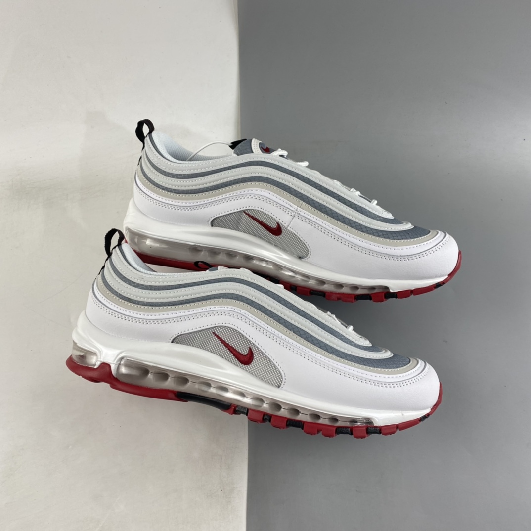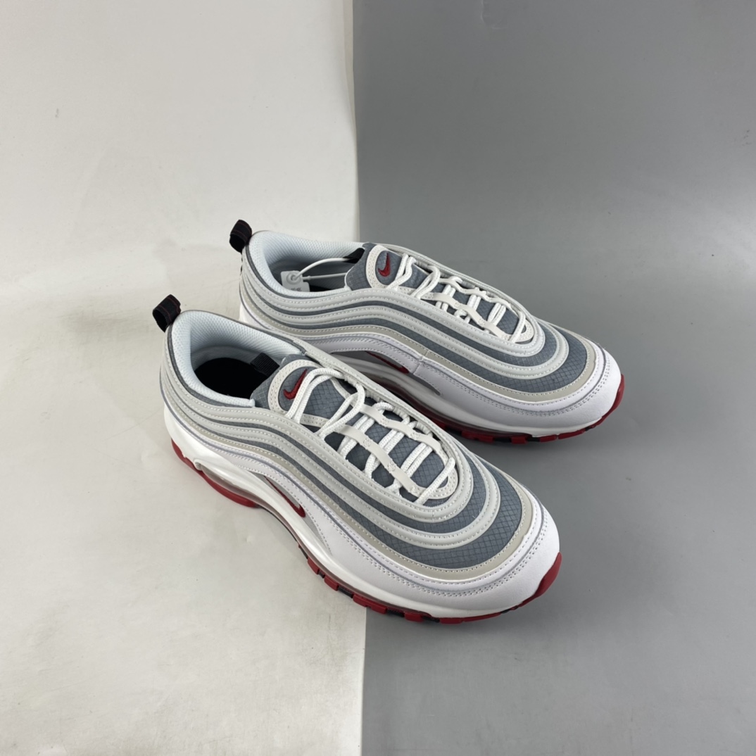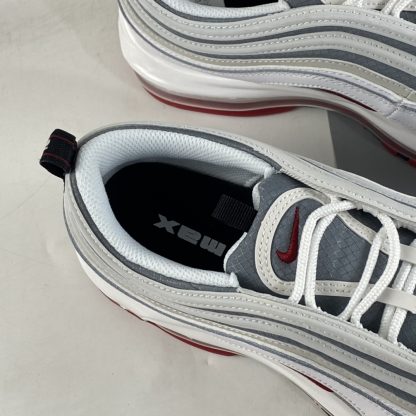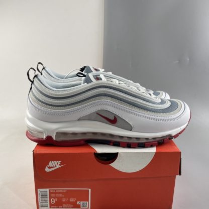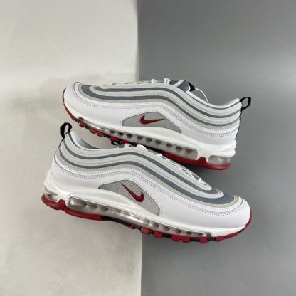 This offering of the Nike Air Max 97 comes dressed in a mix of White, Grey, and Red color tones giving off a “White Bullet” aesthetic. It features a Grey mesh base with White leather overlays with Red accents on the branded areas. A White midsole atop a Red/Black rubber outsole completes the design.
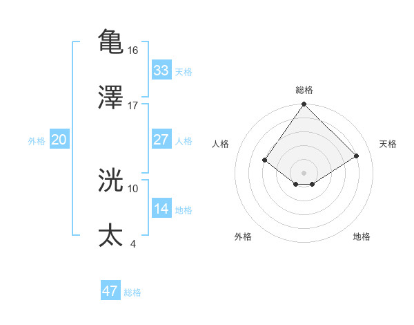 亀澤 洸太さんを姓名の画数から五運を鑑定
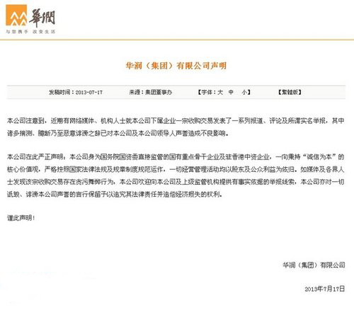 7月17日下午,華潤集團針對該公司高層遭《經(jīng)濟參考報》首席記者王文志實名舉報一事發(fā)布聲明稱,該舉報中“存在諸多揣測、臆斷乃至惡意誹謗之辭”,并表示“歡迎向本公司及上級監(jiān)管機構(gòu)提供有事實依據(jù)的舉報線索,本公司亦對一切詆毀、誹謗本公司聲譽的言行保留予以追究其法律責(zé)任并追償經(jīng)濟損失的權(quán)利”。
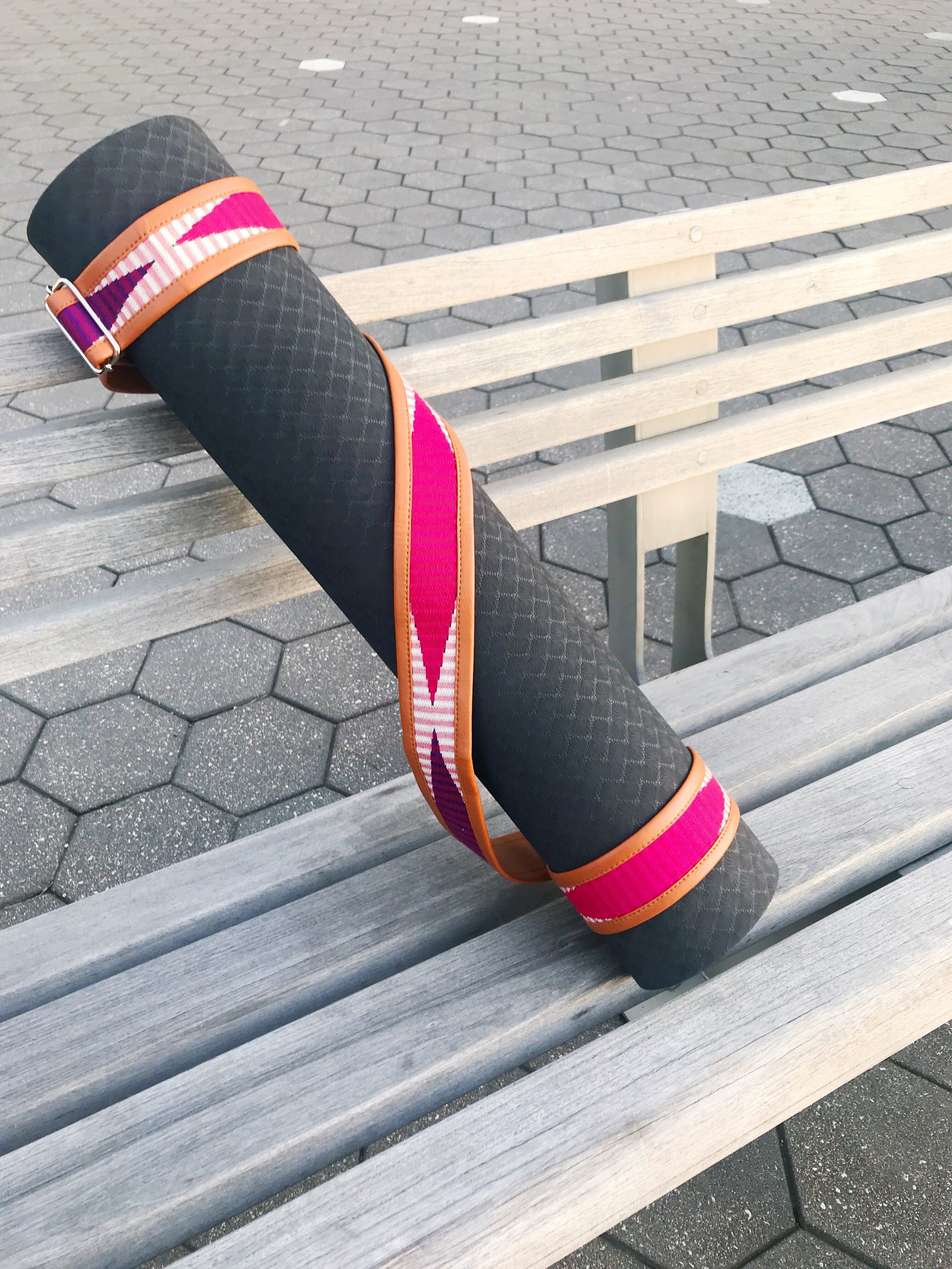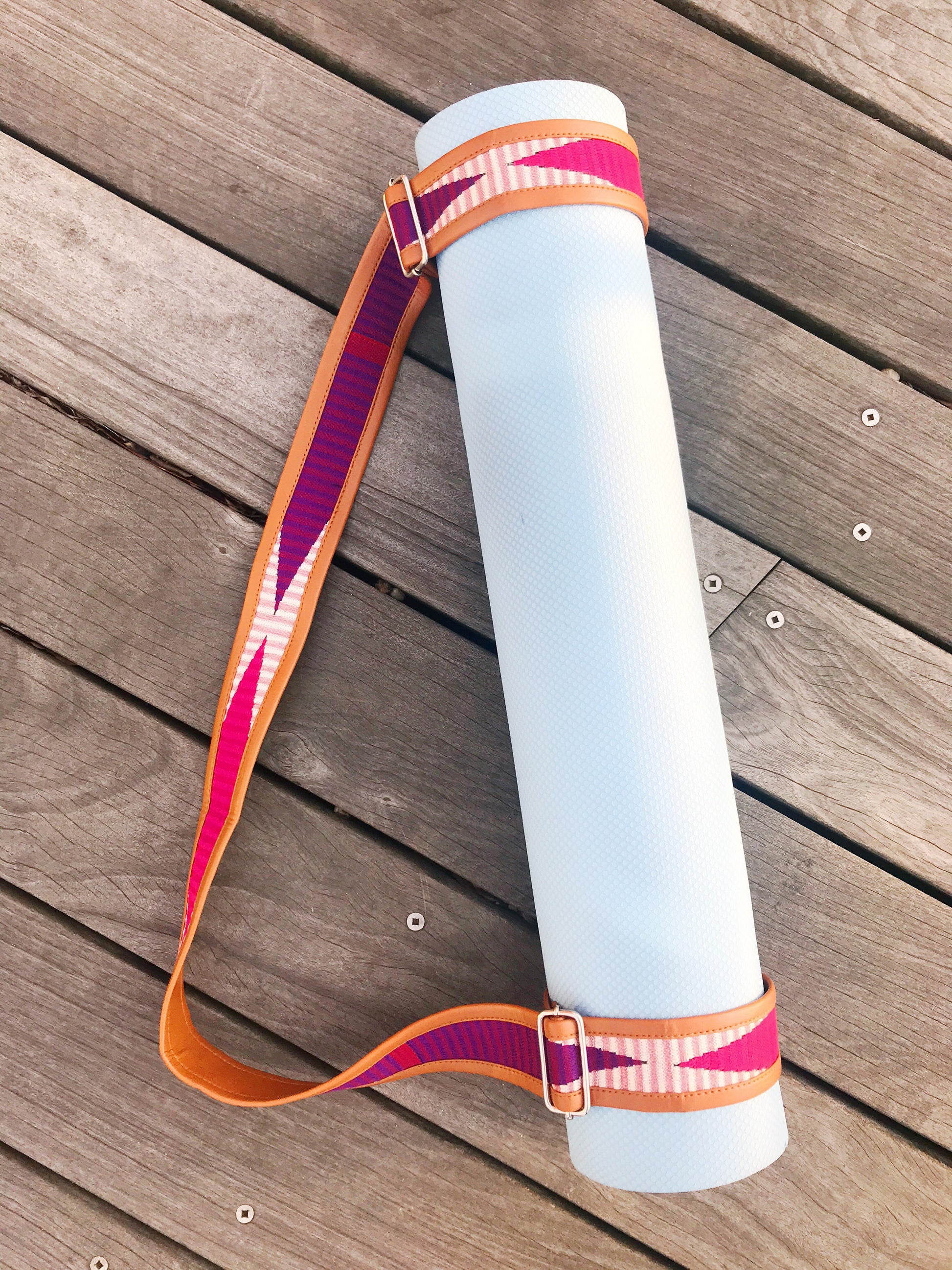 A stylish yoga mat strap for all yogis on the go. Handmade by our artisans in Bali, using the Rangrang textile weaved by a group of women in Nusa Penida island, off the east of Bali.
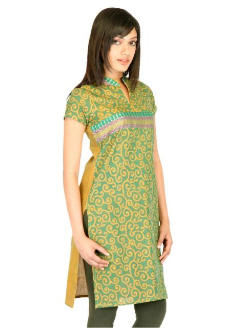 Upgrade your casual look with this chic kurta from vishudh! The green and mustard yellow fabric and the brocade detailing adds a festive touch grey kurta, while the cotton and silk blend fabric keeps you fresh and comfortable all day long. Team it with leggings or a white loose kameez and gold sandals for a chilled out look.
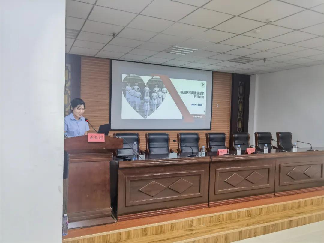講座中,主管護師孟亞超通過一例糖尿病視網膜病變患者的實例,巧妙引出講座主題《糖尿病視網膜病變患者的術后護理查房》。她詳細介紹了護理查房的內容、規范化流程以及如何去分析查房的重點問題和有效的實施相關護理措施。
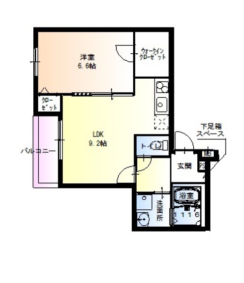| 間取り詳細 | LDK 9.2畳 、 洋室 6.6畳 |
___
Every line above goes into the copy unchanged; the pictures do not.

 This offering of the Nike Air Max 97 comes dressed in a mix of White, Grey, and Red color tones giving off a “White Bullet” aesthetic. It features a Grey mesh base with White leather overlays with Red accents on the branded areas. A White midsole atop a Red/Black rubber outsole completes the design.
 亀澤 洸太さんを姓名の画数から五運を鑑定
 7月17日下午,華潤集團針對該公司高層遭《經(jīng)濟參考報》首席記者王文志實名舉報一事發(fā)布聲明稱,該舉報中“存在諸多揣測、臆斷乃至惡意誹謗之辭”,并表示“歡迎向本公司及上級監(jiān)管機構(gòu)提供有事實依據(jù)的舉報線索,本公司亦對一切詆毀、誹謗本公司聲譽的言行保留予以追究其法律責(zé)任并追償經(jīng)濟損失的權(quán)利”。
 A stylish yoga mat strap for all yogis on the go. Handmade by our artisans in Bali, using the Rangrang textile weaved by a group of women in Nusa Penida island, off the east of Bali.
 Upgrade your casual look with this chic kurta from vishudh! The green and mustard yellow fabric and the brocade detailing adds a festive touch grey kurta, while the cotton and silk blend fabric keeps you fresh and comfortable all day long. Team it with leggings or a white loose kameez and gold sandals for a chilled out look.
講座中,主管護師孟亞超通過一例糖尿病視網膜病變患者的實例,巧妙引出講座主題《糖尿病視網膜病變患者的術后護理查房》。她詳細介紹了護理查房的內容、規范化流程以及如何去分析查房的重點問題和有效的實施相關護理措施。
| 間取り詳細 | LDK 9.2畳 、 洋室 6.6畳 |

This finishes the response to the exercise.